**TASK TO COMPLETE**
Lines below starting with the line with "The open-plan designer" and going on through the line with "1、进入后会弹出一个设置,可" must be output exactly; the rest of the records must be left out.

**EXTRACTED ENTRIES**

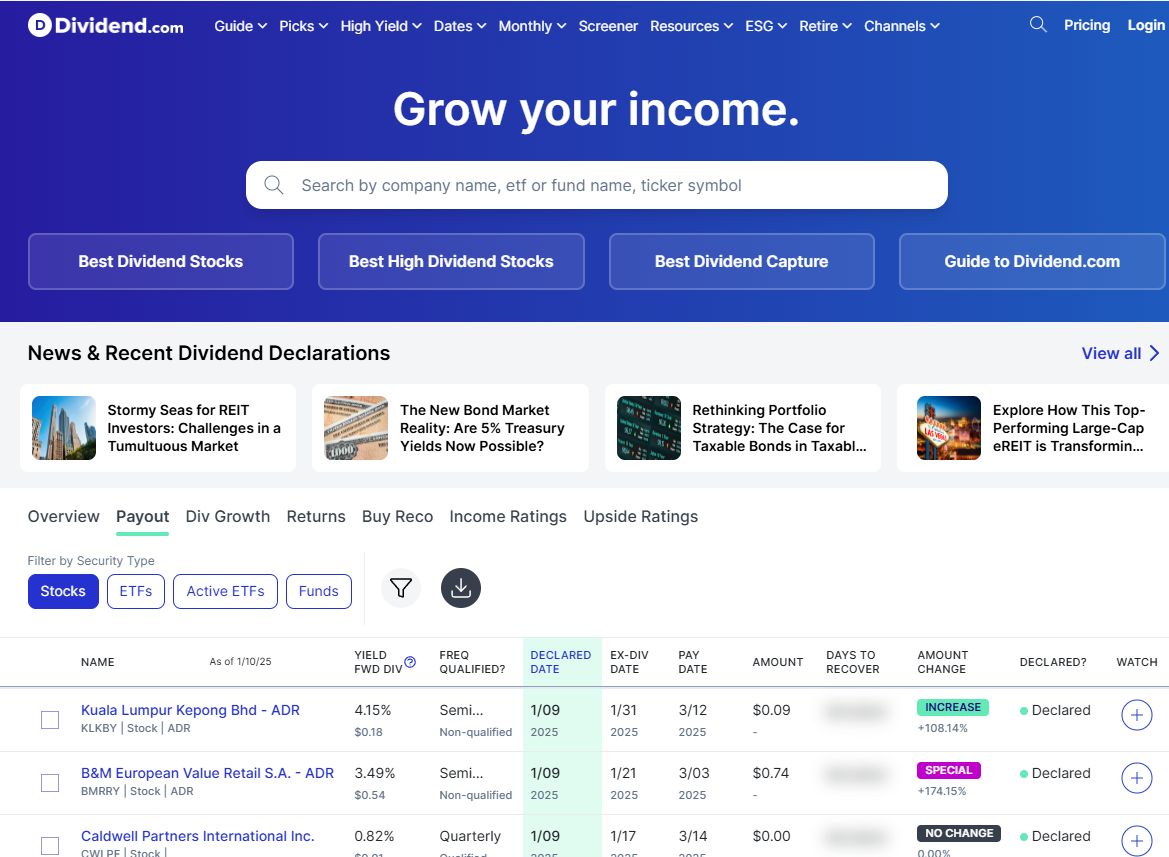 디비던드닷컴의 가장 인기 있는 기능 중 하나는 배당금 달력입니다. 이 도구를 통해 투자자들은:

==

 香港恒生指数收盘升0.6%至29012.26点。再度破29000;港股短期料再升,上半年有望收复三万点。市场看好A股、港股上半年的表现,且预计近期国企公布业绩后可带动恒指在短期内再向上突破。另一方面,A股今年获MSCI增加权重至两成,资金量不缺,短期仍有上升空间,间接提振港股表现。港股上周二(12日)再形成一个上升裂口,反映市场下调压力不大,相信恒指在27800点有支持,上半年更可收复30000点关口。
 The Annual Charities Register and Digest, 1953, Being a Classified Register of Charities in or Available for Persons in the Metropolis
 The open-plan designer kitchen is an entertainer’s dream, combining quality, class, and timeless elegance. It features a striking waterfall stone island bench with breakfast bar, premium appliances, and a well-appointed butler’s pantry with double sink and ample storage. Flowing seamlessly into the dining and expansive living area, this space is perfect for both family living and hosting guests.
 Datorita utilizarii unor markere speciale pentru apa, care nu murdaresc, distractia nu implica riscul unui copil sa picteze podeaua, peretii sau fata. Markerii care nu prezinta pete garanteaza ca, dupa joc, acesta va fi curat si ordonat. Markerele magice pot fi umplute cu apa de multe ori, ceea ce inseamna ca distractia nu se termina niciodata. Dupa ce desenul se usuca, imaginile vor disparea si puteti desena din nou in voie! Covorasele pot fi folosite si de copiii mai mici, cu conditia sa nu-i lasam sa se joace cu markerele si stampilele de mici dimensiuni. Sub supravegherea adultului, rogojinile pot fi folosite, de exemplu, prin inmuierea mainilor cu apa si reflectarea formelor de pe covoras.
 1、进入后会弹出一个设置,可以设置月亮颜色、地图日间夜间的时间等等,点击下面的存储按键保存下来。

**RESULT OF THE EXERCISE**
 The open-plan designer kitchen is an entertainer’s dream, combining quality, class, and timeless elegance. It features a striking waterfall stone island bench with breakfast bar, premium appliances, and a well-appointed butler’s pantry with double sink and ample storage. Flowing seamlessly into the dining and expansive living area, this space is perfect for both family living and hosting guests.
 Datorita utilizarii unor markere speciale pentru apa, care nu murdaresc, distractia nu implica riscul unui copil sa picteze podeaua, peretii sau fata. Markerii care nu prezinta pete garanteaza ca, dupa joc, acesta va fi curat si ordonat. Markerele magice pot fi umplute cu apa de multe ori, ceea ce inseamna ca distractia nu se termina niciodata. Dupa ce desenul se usuca, imaginile vor disparea si puteti desena din nou in voie! Covorasele pot fi folosite si de copiii mai mici, cu conditia sa nu-i lasam sa se joace cu markerele si stampilele de mici dimensiuni. Sub supravegherea adultului, rogojinile pot fi folosite, de exemplu, prin inmuierea mainilor cu apa si reflectarea formelor de pe covoras.
 1、进入后会弹出一个设置,可以设置月亮颜色、地图日间夜间的时间等等,点击下面的存储按键保存下来。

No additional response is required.